We have examined the mutational basis of adenine phosphoribosyltransferase (APRT, EC 2.4.2.7) deficiency (MIM 102600) in a patient of Polish origin who has been passing 2,8-dihydroxyadenine (DHA) stones since birth, but has considerable residual enzyme activity in lymphocyte extracts. The five exons and flanking regions of APRT were amplified by PCR and then sequenced. A single T insertion was identified at the intron 4 splice donor site (TGgtaa to TGgttaa:IVS4+2insT) in one allele from the proband, his mother, and brother. A G-to-T transversion in exon 5 (GTC-to-TTC:c.448G>T, V150F) was identified in the other allele, and this mutation was also present in one allele from the father and the paternal grandmother. Tru91 and AvaII digestions of PCR products spanning exons 4 and 5, respectively, confirmed the mutations. The mother was heterozygous for an intragenic TaqI site, but all other family members were homozygous for the presence of this site. IVS4+2insT, located on the allele containing the TaqI site, has been identified previously in several families from Europe, suggesting a founder effect, but the substitution in exon 5 is a novel mutation. IVS4+2insT is known to result in complete loss of enzyme activity, and our results suggest that V150F produces an enzyme that is nonfunctional in vivo but has considerable residual activity in vitro.

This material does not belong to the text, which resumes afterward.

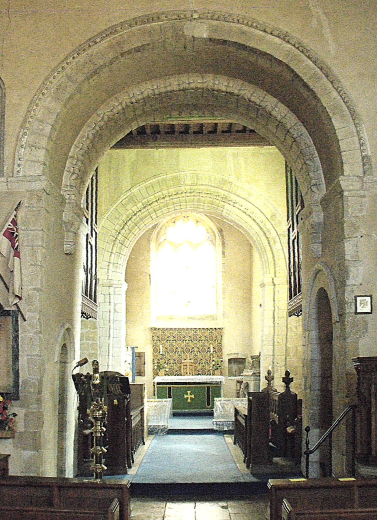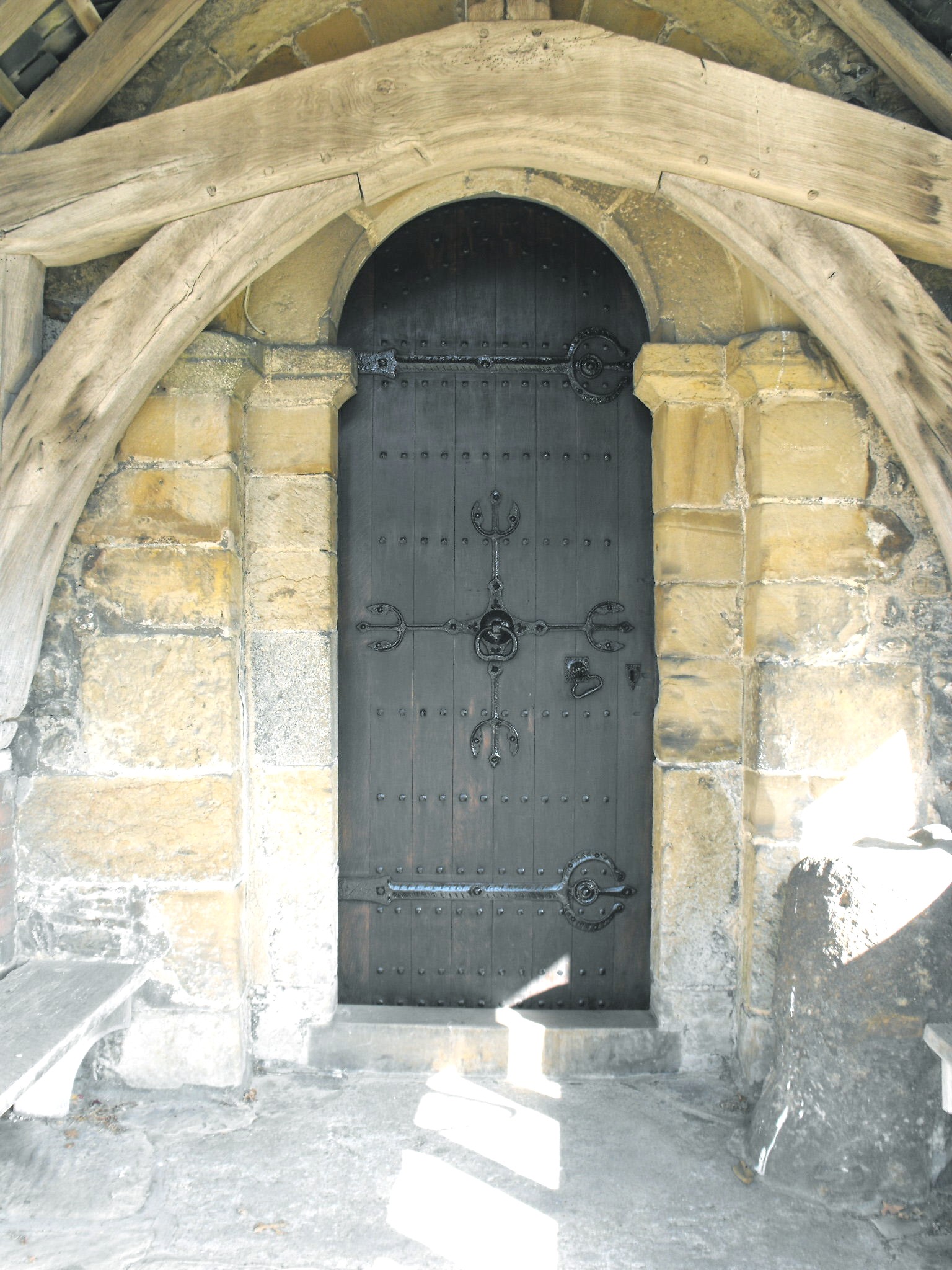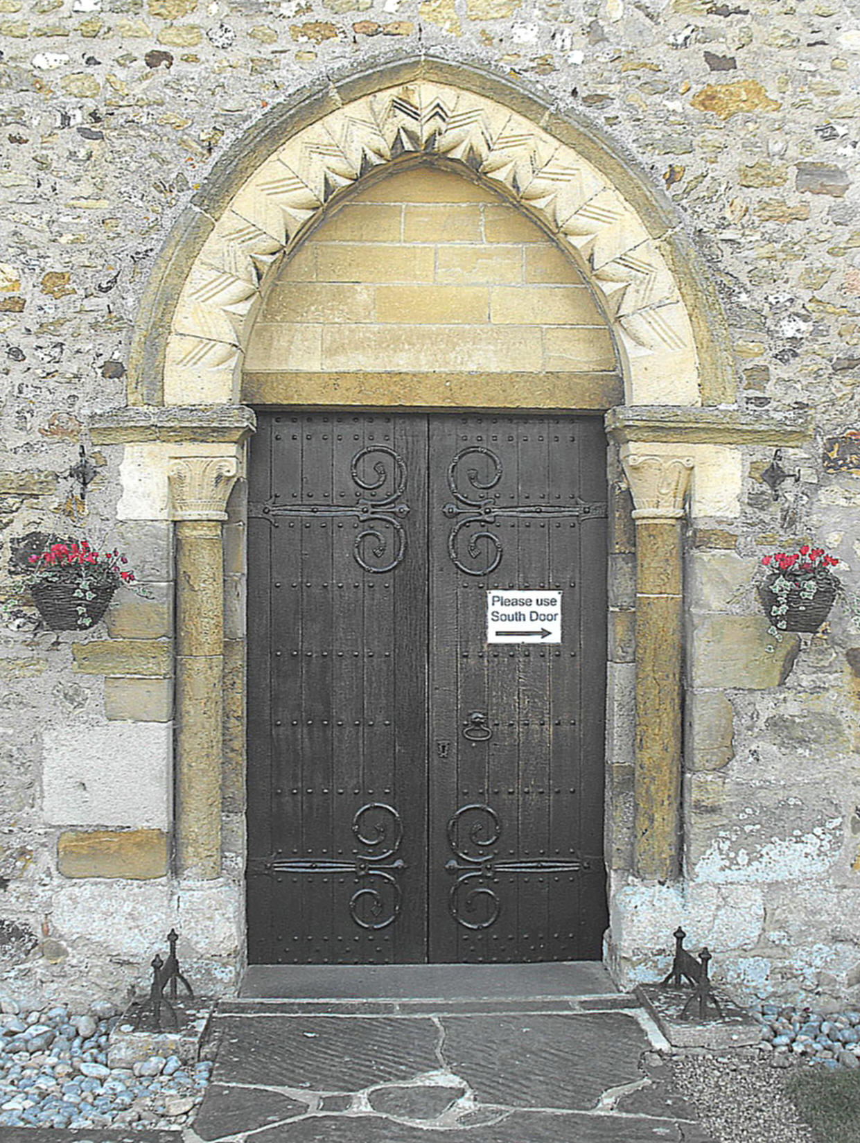 The original doorway into the church was presumably from the south, and this can still be seen, inside the half-timbered (fifteenth century?) porch with a cambered tie-beam roof. Composed of two orders, this is both narrow and plain (as shown below), with only the hollowed under-edges of the imposts to distinguish it.

Altered gene expression in kidneys of mice with 2,8-dihydroxyadenine nephrolithiasis.

BACKGROUND: We have developed a knockout mouse model for adenine phosphoribosyltransferase (APRT) deficiency, a condition that often leads to 2,8-dihydroxyadenine (DHA) nephrolithiasis in humans. Aprt knockout male mice develop severe renal damage by three months of age, but this is strain specific. Renal damage in female mice is less pronounced than in males. The gene level changes that promote renal injury in APRT-deficient mice are not known. METHODS: We used mRNA differential display polymerase chain reaction (DD-PCR) to analyze renal gene expression changes in APRT-deficient male and female mice (strain C3H) compared with age- and sex-matched Aprt heterozygote controls. The differentially amplified bands were reamplified, cloned, sequenced, and queried against the National Center for Biotechnology Information nonredundant databases using the Basic Alignment Search Tool. Relative quantitative reverse transcription-polymerase chain reaction was used to confirm the results of DD-PCR for a selected number of genes in one-, three-, and six-month-old male and female mice. RESULTS: Sixty-three differentially amplified bands were identified, including 21 for known genes, and 8 of these were examined further. In three-month-old APRT-deficient male mice, the expression of C10 was increased tenfold, and there was a fourfold to sevenfold increase in the expression of a disintegrin and metalloproteinase with thrombospondin motifs (ADAMTS-1), MGP (matrix Gla protein), and lysyl oxidase (LOX). The expression of cholecystokinin-A receptor (CCKAR), imprinted multimembrane-spanning polyspecific transporter-like gene 1 (IMPT-1), and kidney androgen-regulated protein (KAP) was diminished twofold to fourfold, but there was little or no change in the expression of organic anion transporter (OATP). Except for a more than tenfold increase in C10 expression and up to tenfold decrease in KAP expression, APRT-deficient female mice did not show significant changes in gene expression compared with controls. CONCLUSIONS: These findings suggest that (1) there are sex-related differences in gene expression in DHA lithiasis, possibly caused by increased deposition of DHA crystals in male compared with female kidneys; and (2) the expression of certain genes (for example, C10) may simply be an indication of nonspecific cellular stimulation and may not be related to renal injury.